● Problem statement: Using the data below, restate exactly every line from the one with "消费券发放:600万元政府银" up to and including the one with "Bupati H. Irwan". No picture belongs in it.

● Provided records:
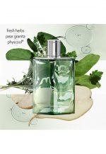 - With its pure lines, the bottle designed by Philippe Mouquet is adorned with green lacquer to echo the fragrance’s olfactory notes. The box is in a deeper shade of gray-green, as if traces of plant life had spread through the asphalt of the city. A lime-green line delimits and opens up the space. The 30 ml size is ideal for the man in motion.
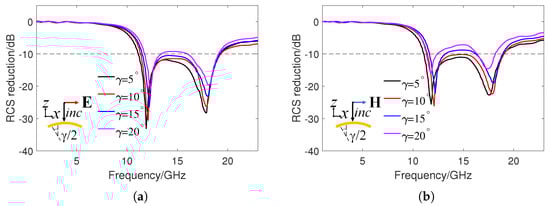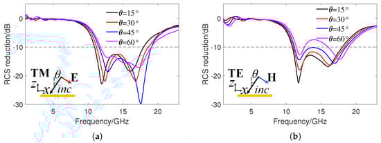 Simulated RCS reduction in specular direction of the checkerboard metasurface under different incident angles and polarizations. (a) TM polarization. (b) TE polarization.
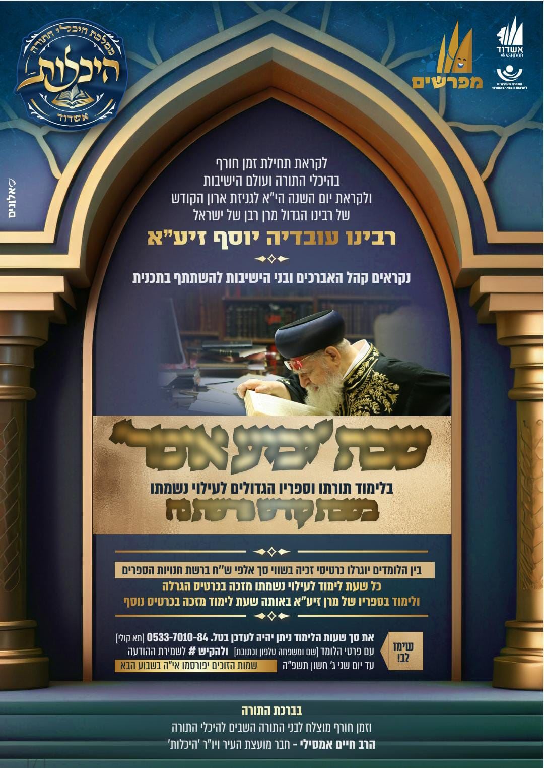 עם תחילת זמן חורף בהיכלי התורה ועולם הישיבות, ולאור קריאתם של מרנן ורבנן שליט"א עקב המצב הקשה השורר בארה"ק להוסיף חיזוק ושקידה בעמלה של תורה שהיא מגנא ומצלא, ארגון 'היכלות – ממלכת היכלי התורה אשדוד' מזמין את קהל בני התורה, אברכים, בני הישיבות ועמך בית ישראל להשתתף בתכנית "שבת יביע אומר".
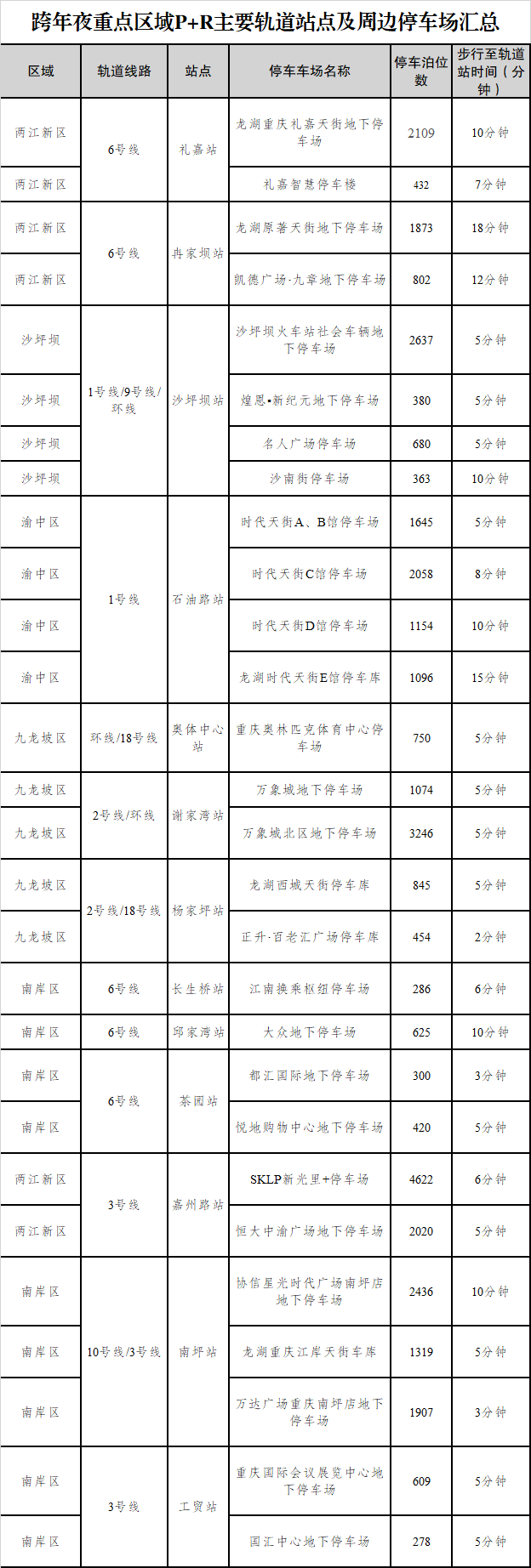 12月31日晚,“新韵重庆”无人机灯光秀将在两江四岸核心区上演。为保障道路交通安全有序,公安机关交通管理部门将对渝中区、南岸区、两江新区部分区域实施封控(12月31日17时至次日2时,禁止社会车辆通行停放、停车场暂停进出),对周边片区及6座桥梁设为管控区(12月31日17时起适时启动,实施分流绕行与限流)。 记者从重庆市停车管理事务中心获悉,本次跨年夜推出“P+R”停车换乘服务,覆盖5大区域共28个停车场(36420个停车位)。其中,两江新区6个停车场(11858个停车位)、沙坪坝区4个停车场(4060个停车位)、渝中区4个停车场(5953个停车位)、九龙坡区5个停车场(6369个停车位)、南岸区9个停车场(8180个停车位)。所有车场均已完善步行至轨道入口的指示标识(步行时间最短2分钟、最长18分钟),相关部门同步实现停车场饱和度数据共享,将通过“定制导航”实时推荐闲置车位,保障市民停车换乘顺畅。 为让您的跨年夜出行更顺畅舒心,倡导优先选择轨道交通绿色出行,公交线路将随管控动态调整,以官方后续通告为准。请广大交通参与者遵守管制规定,服从交警指挥及标志引导,共同维护交通秩序。不便之处,敬请理解支持。 详细停车场信息如下:
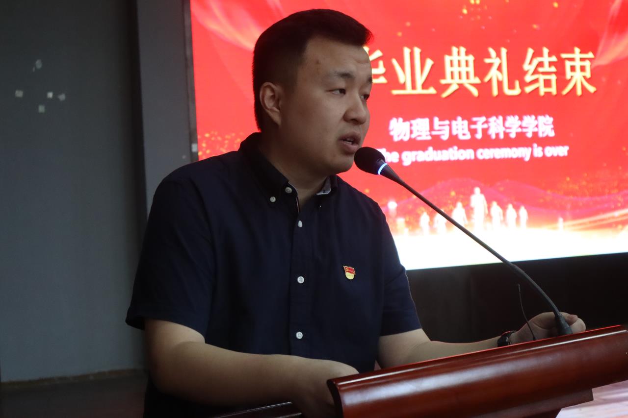6月14日下午2点30分,物电学院2022届毕业典礼在云顶国际vip8866云塘校区科技报告厅举行,参加本次典礼的有全体院领导、毕业班班主任、导师代表及全体本科生、研究生毕业生,典礼由毕业生辅导员王中兴主持。
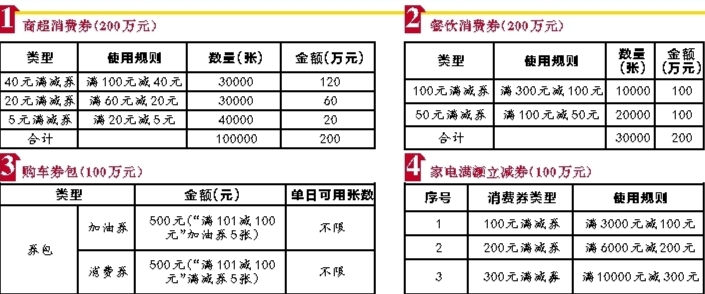 消费券发放:600万元政府银联消费券将于6月10日—8月10日通过银联云闪付App发放。其中,餐饮消费券和商超消费券,均分为四期发放, 6月10日、6月24日、7月8日、7月28日上午10:00开始发放餐饮消费券,上午11:00开始发放商超消费券。家电满额立减券100万元结合大型家电卖场促销活动同步发放,具体发放时间另行确定,将通过多渠道提前宣传、广而告之。汽车消费券包采用“先买车,后申请”的方式发放。个人消费者在参与本次活动的汽车商家购买4万元以上(含4万元,以发票金额为准)的家用乘用车,使用62开头的银行卡或云闪付扫码交易支付车款,通过云闪付App按要求上传购车信息,审核通过后,发放1000元消费券包,其中加油券500元、商超购物券500元。
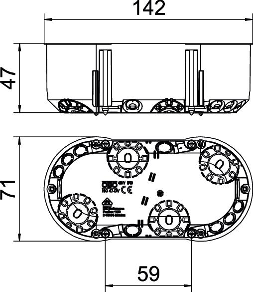 Produkta aprakstsDubulta ierīču kārba dobai sienai izmantošanai dobās sienās ar iebūves dziļumu vismaz 47 mm un plākšņu biezumu 5 - 40 mm.
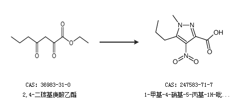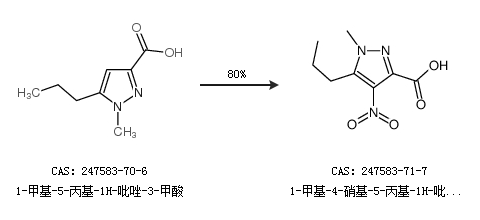1.通过1-甲基-5-丙基-1H-吡唑-3-甲酸合成1-甲基-4-硝基-5-丙基-1H-吡唑-3-羧酸,收率约80%;
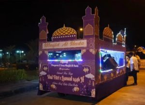 Bupati H. Irwan bersama keluarga tiba di Masjid Al – Azis lebih awal dari waktu pelaksanaan Sholat Ied pada umumnya.
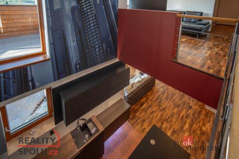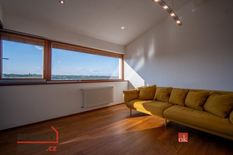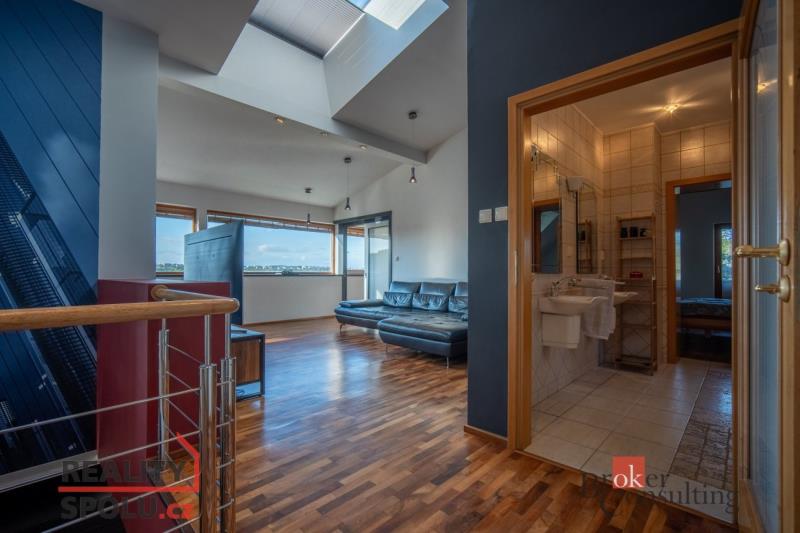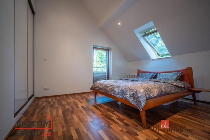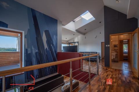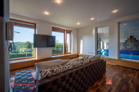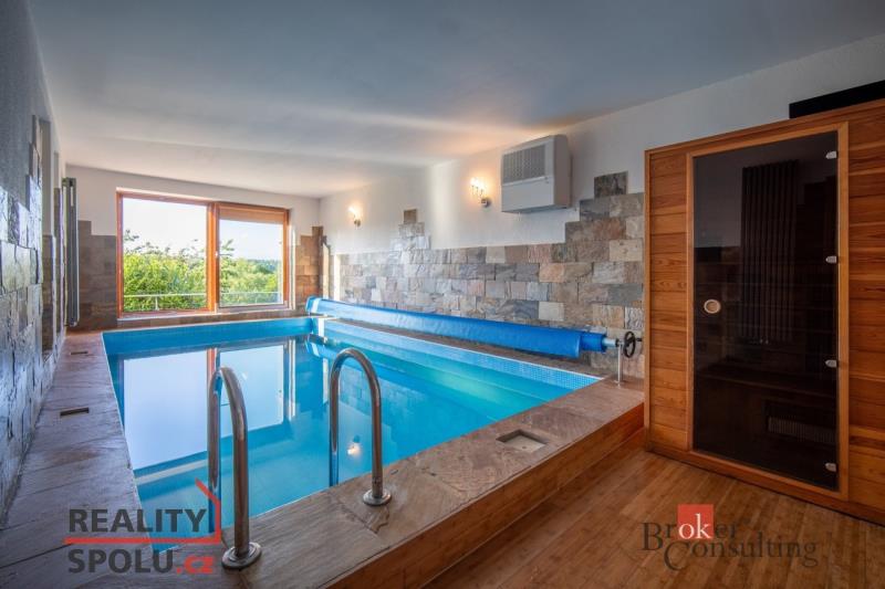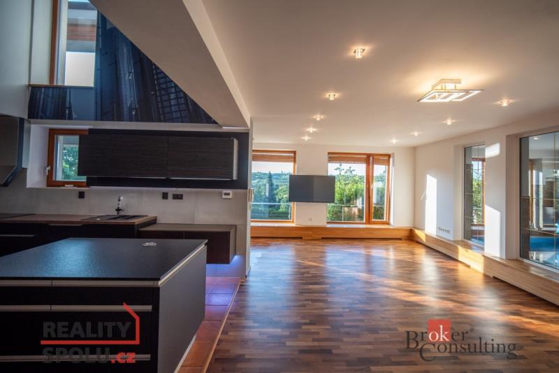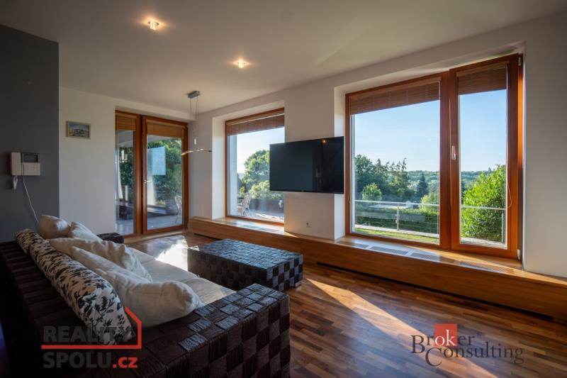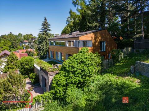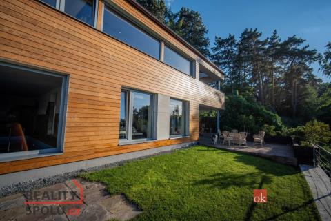 Je na krásném místě, obklopena zelení, na kopci s úžasným výhledem a přitom nedaleko centra města. Tato vila vás ohromí. Nachází se na Praze 5 ve vilové čtvrti, která je mnohým utajena. Máte tu tak klid a soukromí, které si zasloužíte. Další výhodou domu jsou velkorysé prostory a třeba vnitřní bazén. Dům má podlahovou plochu téměř 200m2 a k tomu 2 garáže. Stojí na svažitém, upraveném pozemku (723 m²) se vzrostlými stromy a na konci slepé ulice Za Mototechnou. Díky tomu, že dům stojí v horní části pozemku (nad garáží), máte úžasné výhledy jak z přízemí, kde je velká terasa a část zahrady, tak samozřejmě i v prvním patře domu. V přízemí domu se nachází velký obývací pokoj s kuchyní, koupelnou a vstupem do další části domu kde je vnitřní bazén a infrasauna. Tato část domu má 100 m2. Ve druhém patře je atrium, vstup do třech pokojů, na terasu a do koupelny. Hlavní ložnice má samostatný vstup do koupelny. Podlahy jsou dřevěné a v pokojích vestavěné skříně. Úžasné je prosklení, které je po celé délce severozápadní stěny s výhledem na část Prahy 5 a dále – Motol, Ladronku až po Břevnov. Ulice Za Mototechnou navazuje na Motolsko-Košířský park – jeden z nejhezčích přírodních parků v Praze, kde je i hřiště Golf Club Praha. Skvělé napojení na rozvadovskou spojku, tedy D5 na Plzeň. Pěšky jste kousek od Plzeňské - dobré spojení s centrem na Andělu jste autem za 15 minut / MHD 29 minut. Podobných nemovitostí je Praze jen pár, přijďte se sami přesvědčit. Honza Chundela
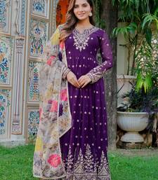 Georgette embroidered gown & pant with printed dupatta
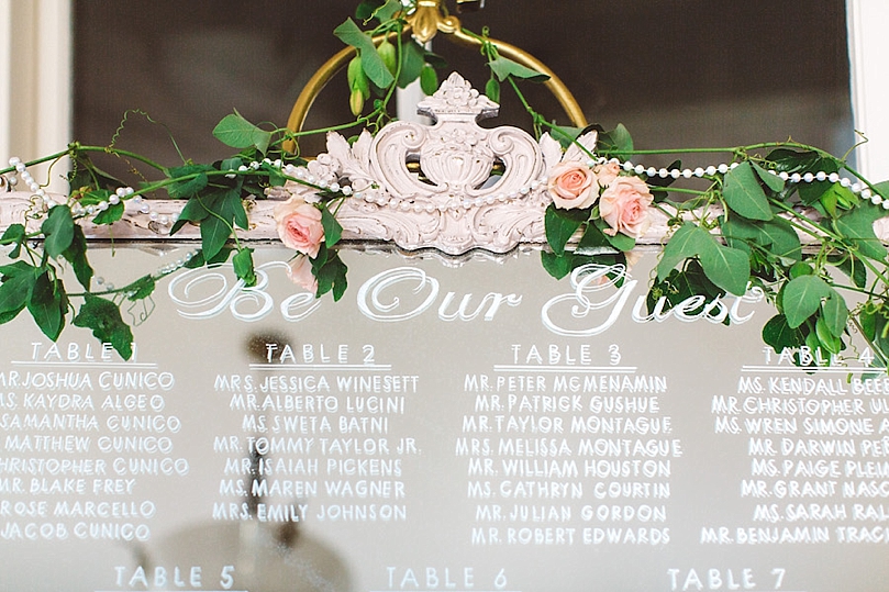 and the Beast. The guests were greeted at the venue with a escort card decal mirror with the saying ‘Be Our Guest’.

● Result of this exercise:
 消费券发放:600万元政府银联消费券将于6月10日—8月10日通过银联云闪付App发放。其中,餐饮消费券和商超消费券,均分为四期发放, 6月10日、6月24日、7月8日、7月28日上午10:00开始发放餐饮消费券,上午11:00开始发放商超消费券。家电满额立减券100万元结合大型家电卖场促销活动同步发放,具体发放时间另行确定,将通过多渠道提前宣传、广而告之。汽车消费券包采用“先买车,后申请”的方式发放。个人消费者在参与本次活动的汽车商家购买4万元以上(含4万元,以发票金额为准)的家用乘用车,使用62开头的银行卡或云闪付扫码交易支付车款,通过云闪付App按要求上传购车信息,审核通过后,发放1000元消费券包,其中加油券500元、商超购物券500元。
 Produkta aprakstsDubulta ierīču kārba dobai sienai izmantošanai dobās sienās ar iebūves dziļumu vismaz 47 mm un plākšņu biezumu 5 - 40 mm.
1.通过1-甲基-5-丙基-1H-吡唑-3-甲酸合成1-甲基-4-硝基-5-丙基-1H-吡唑-3-羧酸,收率约80%;
 Bupati H. Irwan bersama keluarga tiba di Masjid Al – Azis lebih awal dari waktu pelaksanaan Sholat Ied pada umumnya.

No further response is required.